Provided entries
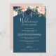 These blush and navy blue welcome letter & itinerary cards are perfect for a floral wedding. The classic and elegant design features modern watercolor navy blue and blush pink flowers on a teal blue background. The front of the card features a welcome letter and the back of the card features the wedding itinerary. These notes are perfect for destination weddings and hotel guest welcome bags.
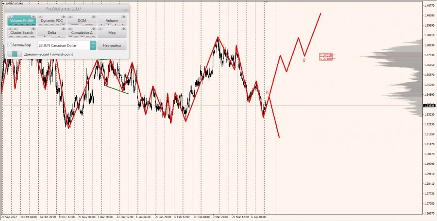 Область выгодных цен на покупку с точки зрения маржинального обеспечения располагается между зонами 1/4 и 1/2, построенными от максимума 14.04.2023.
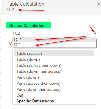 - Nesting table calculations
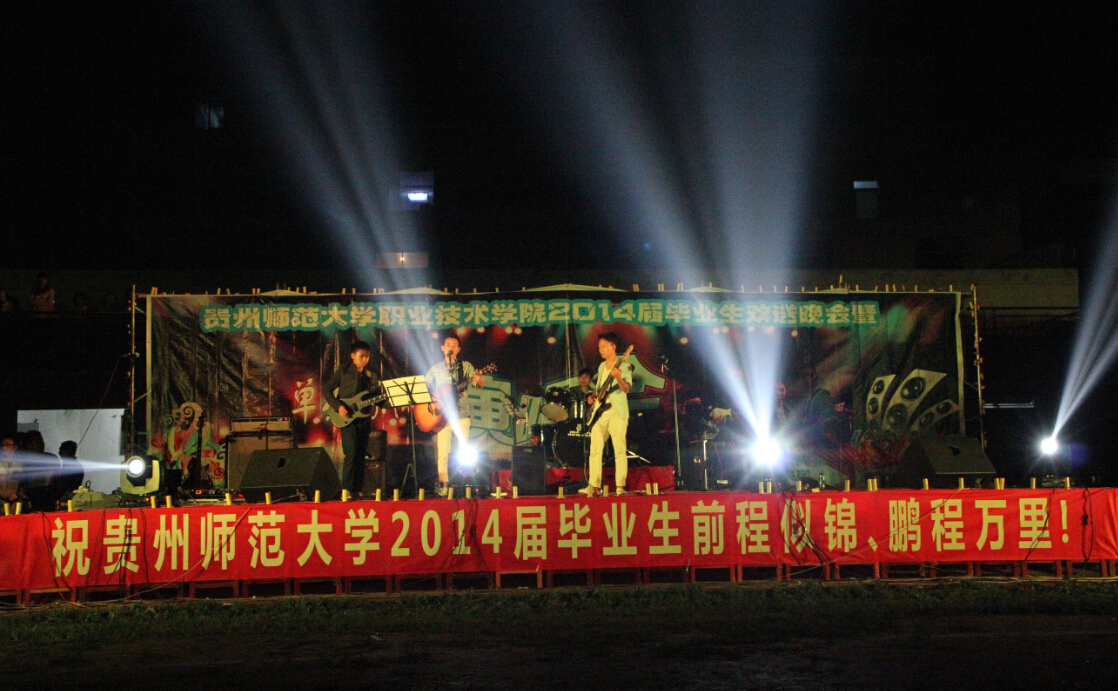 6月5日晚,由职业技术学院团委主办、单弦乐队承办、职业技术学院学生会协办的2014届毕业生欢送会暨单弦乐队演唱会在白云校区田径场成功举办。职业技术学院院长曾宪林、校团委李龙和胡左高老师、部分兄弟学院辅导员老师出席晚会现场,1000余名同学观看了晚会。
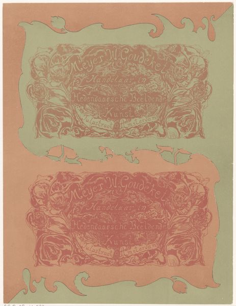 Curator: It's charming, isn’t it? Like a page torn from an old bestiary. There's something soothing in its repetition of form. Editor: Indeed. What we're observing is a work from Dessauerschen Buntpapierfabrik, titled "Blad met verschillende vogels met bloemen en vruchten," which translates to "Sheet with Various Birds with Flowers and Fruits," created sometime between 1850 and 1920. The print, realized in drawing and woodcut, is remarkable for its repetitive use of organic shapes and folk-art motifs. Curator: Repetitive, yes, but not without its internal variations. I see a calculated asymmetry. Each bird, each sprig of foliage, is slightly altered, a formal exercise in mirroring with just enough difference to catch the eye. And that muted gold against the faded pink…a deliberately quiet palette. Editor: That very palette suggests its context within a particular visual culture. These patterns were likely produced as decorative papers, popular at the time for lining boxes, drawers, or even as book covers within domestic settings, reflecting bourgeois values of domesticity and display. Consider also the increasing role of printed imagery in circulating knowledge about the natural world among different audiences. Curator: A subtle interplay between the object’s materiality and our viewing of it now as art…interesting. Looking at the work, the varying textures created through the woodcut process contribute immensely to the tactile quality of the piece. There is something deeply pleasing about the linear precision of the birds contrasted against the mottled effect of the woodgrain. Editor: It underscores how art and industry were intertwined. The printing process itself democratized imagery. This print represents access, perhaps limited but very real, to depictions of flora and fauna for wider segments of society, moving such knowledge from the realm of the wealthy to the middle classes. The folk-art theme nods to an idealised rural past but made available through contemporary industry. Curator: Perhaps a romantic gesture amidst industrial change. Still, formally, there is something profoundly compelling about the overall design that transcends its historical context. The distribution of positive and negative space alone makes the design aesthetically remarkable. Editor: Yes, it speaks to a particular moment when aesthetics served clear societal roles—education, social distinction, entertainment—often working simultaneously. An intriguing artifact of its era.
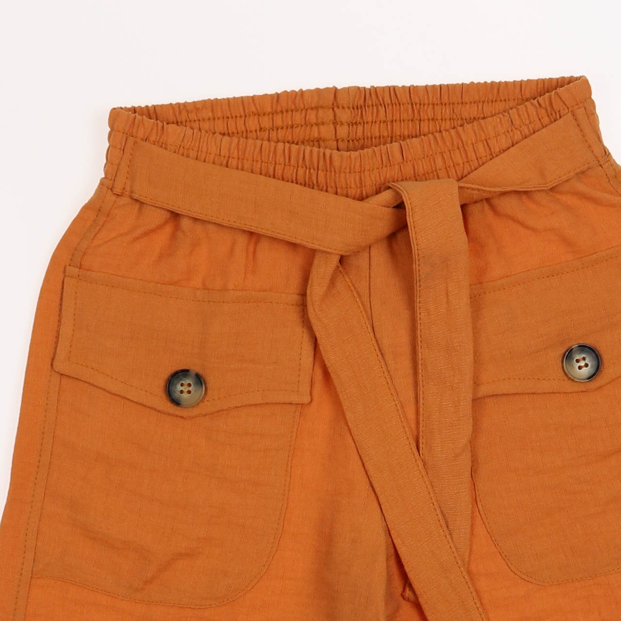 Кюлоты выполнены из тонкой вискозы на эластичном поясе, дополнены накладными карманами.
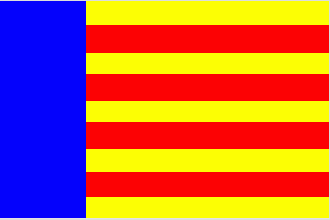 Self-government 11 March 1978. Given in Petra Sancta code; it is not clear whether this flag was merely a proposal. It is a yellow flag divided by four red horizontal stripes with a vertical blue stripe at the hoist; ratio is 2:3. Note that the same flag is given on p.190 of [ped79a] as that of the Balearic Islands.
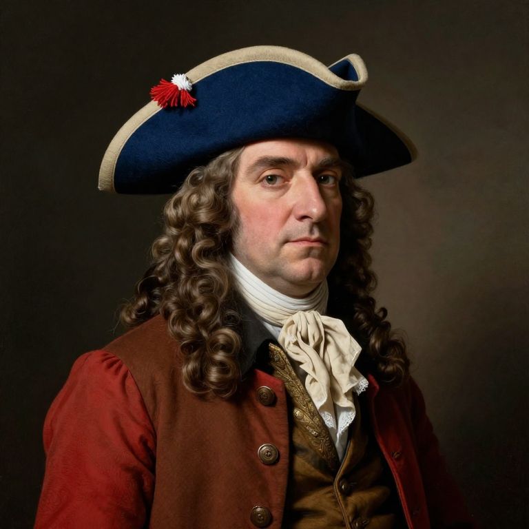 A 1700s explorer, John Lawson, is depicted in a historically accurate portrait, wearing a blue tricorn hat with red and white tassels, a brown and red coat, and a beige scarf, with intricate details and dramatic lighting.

The task
Exact copy, no pictures: set down all the entries again as they stand.

Answer for this exercise
 These blush and navy blue welcome letter & itinerary cards are perfect for a floral wedding. The classic and elegant design features modern watercolor navy blue and blush pink flowers on a teal blue background. The front of the card features a welcome letter and the back of the card features the wedding itinerary. These notes are perfect for destination weddings and hotel guest welcome bags.
 Область выгодных цен на покупку с точки зрения маржинального обеспечения располагается между зонами 1/4 и 1/2, построенными от максимума 14.04.2023.
 - Nesting table calculations
 6月5日晚,由职业技术学院团委主办、单弦乐队承办、职业技术学院学生会协办的2014届毕业生欢送会暨单弦乐队演唱会在白云校区田径场成功举办。职业技术学院院长曾宪林、校团委李龙和胡左高老师、部分兄弟学院辅导员老师出席晚会现场,1000余名同学观看了晚会。
 Curator: It's charming, isn’t it? Like a page torn from an old bestiary. There's something soothing in its repetition of form. Editor: Indeed. What we're observing is a work from Dessauerschen Buntpapierfabrik, titled "Blad met verschillende vogels met bloemen en vruchten," which translates to "Sheet with Various Birds with Flowers and Fruits," created sometime between 1850 and 1920. The print, realized in drawing and woodcut, is remarkable for its repetitive use of organic shapes and folk-art motifs. Curator: Repetitive, yes, but not without its internal variations. I see a calculated asymmetry. Each bird, each sprig of foliage, is slightly altered, a formal exercise in mirroring with just enough difference to catch the eye. And that muted gold against the faded pink…a deliberately quiet palette. Editor: That very palette suggests its context within a particular visual culture. These patterns were likely produced as decorative papers, popular at the time for lining boxes, drawers, or even as book covers within domestic settings, reflecting bourgeois values of domesticity and display. Consider also the increasing role of printed imagery in circulating knowledge about the natural world among different audiences. Curator: A subtle interplay between the object’s materiality and our viewing of it now as art…interesting. Looking at the work, the varying textures created through the woodcut process contribute immensely to the tactile quality of the piece. There is something deeply pleasing about the linear precision of the birds contrasted against the mottled effect of the woodgrain. Editor: It underscores how art and industry were intertwined. The printing process itself democratized imagery. This print represents access, perhaps limited but very real, to depictions of flora and fauna for wider segments of society, moving such knowledge from the realm of the wealthy to the middle classes. The folk-art theme nods to an idealised rural past but made available through contemporary industry. Curator: Perhaps a romantic gesture amidst industrial change. Still, formally, there is something profoundly compelling about the overall design that transcends its historical context. The distribution of positive and negative space alone makes the design aesthetically remarkable. Editor: Yes, it speaks to a particular moment when aesthetics served clear societal roles—education, social distinction, entertainment—often working simultaneously. An intriguing artifact of its era.
 Кюлоты выполнены из тонкой вискозы на эластичном поясе, дополнены накладными карманами.
 Self-government 11 March 1978. Given in Petra Sancta code; it is not clear whether this flag was merely a proposal. It is a yellow flag divided by four red horizontal stripes with a vertical blue stripe at the hoist; ratio is 2:3. Note that the same flag is given on p.190 of [ped79a] as that of the Balearic Islands.
 A 1700s explorer, John Lawson, is depicted in a historically accurate portrait, wearing a blue tricorn hat with red and white tassels, a brown and red coat, and a beige scarf, with intricate details and dramatic lighting.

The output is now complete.